In our cohort, hypovolemia was the least common profile (24% of cases) but seemed to be associated with a worse prognosis (Fig. 2). Patients in the Hyperkinetic group had the highest subaortic VTI and E wave velocities, suggesting high blood volume associated to systemic vasodilation. In this group, the median E wave velocity was 0.85 compared to 0.77 in the Intermediate group and 0.46 m.s− 1 in the Hypovolemic group. Likewise, hospital discharge at day 28 was numerically higher in the Hyperkinetic group, but again, the sub-population is too small to draw firm conclusions. Interestingly, therapeutics were similar in the three groups, especially fluid and diuretics, which were given regardless of hemodynamic profile. This reveals a systematic management rather than personalized therapeutic management according to clinical assessment. We hypothesize that diuretics are more appropriate for hyperkinetic patients and detrimental in hypovolemic group. This could explain the high mortality observed in hypovolemic group. Again, the very low number of patients in this subgroup does not allow a definitive conclusion.
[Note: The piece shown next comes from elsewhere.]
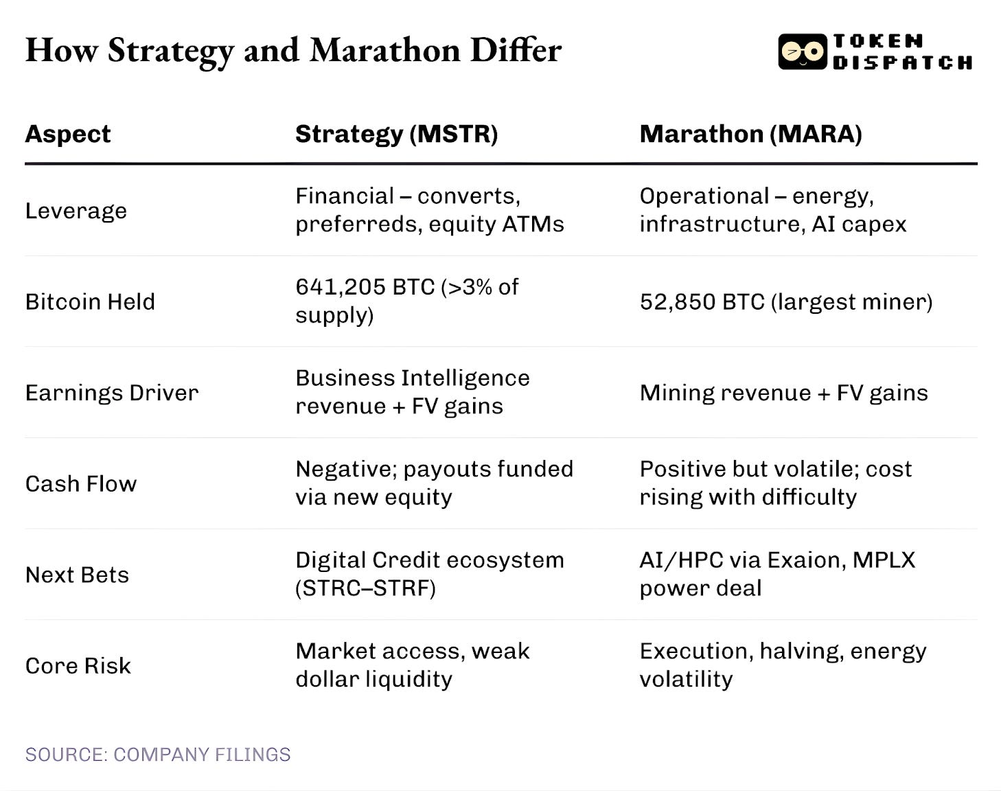 Strategy calls BTC “digital capital” and uses it to issue perpetual preferred equity that behaves like yield-bearing bitcoin bonds. Marathon uses its computing infrastructure not only to mine and earn yield from BTC, but also to expand its revenue lines across AI and enterprise cloud businesses.

Interestingly, MELD score and Child-Pugh scores were less effective to discriminate patient outcome, especially between the Intermediate and the Hyperkinetic groups. Further studies are required to evaluate the clinical benefit of a strategy based on ultrasound assessment to guide therapy, as it is done in ICU.

3.4 Limitations

Our study has several limitations. First, the planned sample size was not reached leading to an underpowered study. Second, this cohort did not include patients with LVEF below 40%. Indeed, the cardiac impairment in cirrhosis is mostly responsible for an impairment of diastolic function, which is not assessed by LVEF. Finally, longer training courses may be necessary to reliably assess echocardiographic parameters such as E wave velocity.

4 Conclusion

This study shows that a short training period allows good reliability for subaortic VTI evaluation by gastroenterologist. However, agreement is insufficient, with over 20% of clinically significant differences between intensivists and gastroenterologists for subaortic VTI and E wave velocity assessment. Nevertheless, TTE evaluation by intensivists defined three different hemodynamic profiles: Hypovolemic, Hyperkinetic, and Intermediate, with distinct prognosis and for whom different therapeutic managements could be expected. Hemodynamic assessment is therefore possible by gastroenterologists based on subaortic VTI and LVEF with a short training course. However, a full assessment including the evaluation of the E wave requires prolonged training to be integrated into the reasoning. Further studies are needed to confirm these findings and evaluate the clinical benefit of an ultrasound-based management of decompensated cirrhosis.